Во все глаза Любка таращилась на чужого веселого человека, которому грозило увольнение, которого собирались из-за нее отлучить от любимого дела. Значит, этого и в помине нет.
— Нет, что ни говори, ты счастливчик и папа с мамой тоже много значат, — настаивает на чем-то своем Олев. — Мне надо было до ординатора пять лестниц снизу переть, а ему, — он ткнул мизинцем в Завальнюка, — только не упасть с верхней площадки, дотянуться до значимости предков.
— А кто у меня папа? — поинтересовался Завальнюк, продолжая улыбаться.
— Хороший папа, — подал голос хмурый великан с конца стола.
— Выдающийся. Давай-ка лучше ящик включим, ЦСКА с «Динамо» второй тайм начали. — Олев встает из-за стола, его не выпускают.
— Ну, а все же — кто? — настаивает Завальнюк.
— Отстань, я пошутил, — отрубил Олев. Ему уже расхотелось топтаться вокруг этой глупости. — Мало ли кто у кого отец, ты-то при чем? Отец, может быть, и вправду генерал, а сын с матроса начинает.
— Значит, генерал, — вздохнул Завальнюк. — Эх, как хорошо-то… — Он счастливо зажмурился.
Наступает молчание. Завальнюк хватает со стола блюдо, уносит на кухню.
— И не стыдно? — вдруг подняла на Олева глаза Роза. Теперь ее голос срывается. — Юрка-то именно и карабкался по каждой ступеньке! С чего он, по-твоему, начинал, Олев?
Любка сидит, чужая этим разговорам, поникшая. Это все к ней не относится.
— Ничего мы не знаем, Розочка, мы темные, — равнодушно прогудел головастик.
— Да будет вам известно, он начинал с деревни на семьсот дворов, — мягко, точно с ребенком, заговорила она. — Там пять лет даже врача не было, старушка практиковала, смертных случаев — навалом. А у Юрки была идея: все уметь самому, все на практике, с азов. Вот он туда и попросился. — Миловидная, кроткая физиотерапевтичка все более волновалась. — Эта старушенция пуповину ножом перерезала. За банку сметаны. Юрка потом спас не одну роженицу с заражением. Оказалось, старая вообще не любила возиться, детские места удаляла как попало, вот у нее молодые бабы дохли как мухи, а чем больше таких случаев было, тем сильнее бабусю ублажали остальные.

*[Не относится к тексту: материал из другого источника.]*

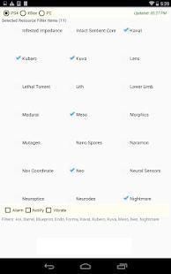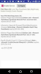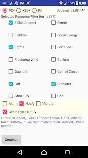 This app lets the Warframe player choose the game platform ( PS4 / XBOX1 / PC ) and select from over 80 resource items to be used as search filters from the current items rewarded in Events, Alerts, Invasions, and Plains of Eidolon reward pools (Bounties, Ghoul Purge, and Plague Star). These items change often in Warframe and you may lose out if you are not playing 7x24.

Чтоб постаралась — все, мол, от ее настроения зависит. — Роза чуть помолчала. — Работы у Юрки оказалось невпроворот: летом — травмы в поле, по пьянке, в драках, зимой — обморожения, простуды, кто в сугробе, выпивши, заснул, кто ледяное из погреба хлебнул.
— Ого, — бросил хмуро тот, что с другого конца стола, — значит, Юрка и роды сам принимал! Никогда бы не поверил!
— Одиннадцать, — отрезала Роза.
— Двенадцать, — оборвал в дверях Завальнюк.
«Не любит, когда про него говорят», — отметила Любка.
— Ну, хорошо! — вскочил головастик, комично завертев над головой кулачком. — Мы получили мощную информацию от Розы. Но все же после романтического акушерско-фельдшерского начала кто тебя вытащил из этой деревни? Честно? Я без подковырок. Как-то ты ведь выбрался из этих семисот дворов? Была ведь какая-то рука?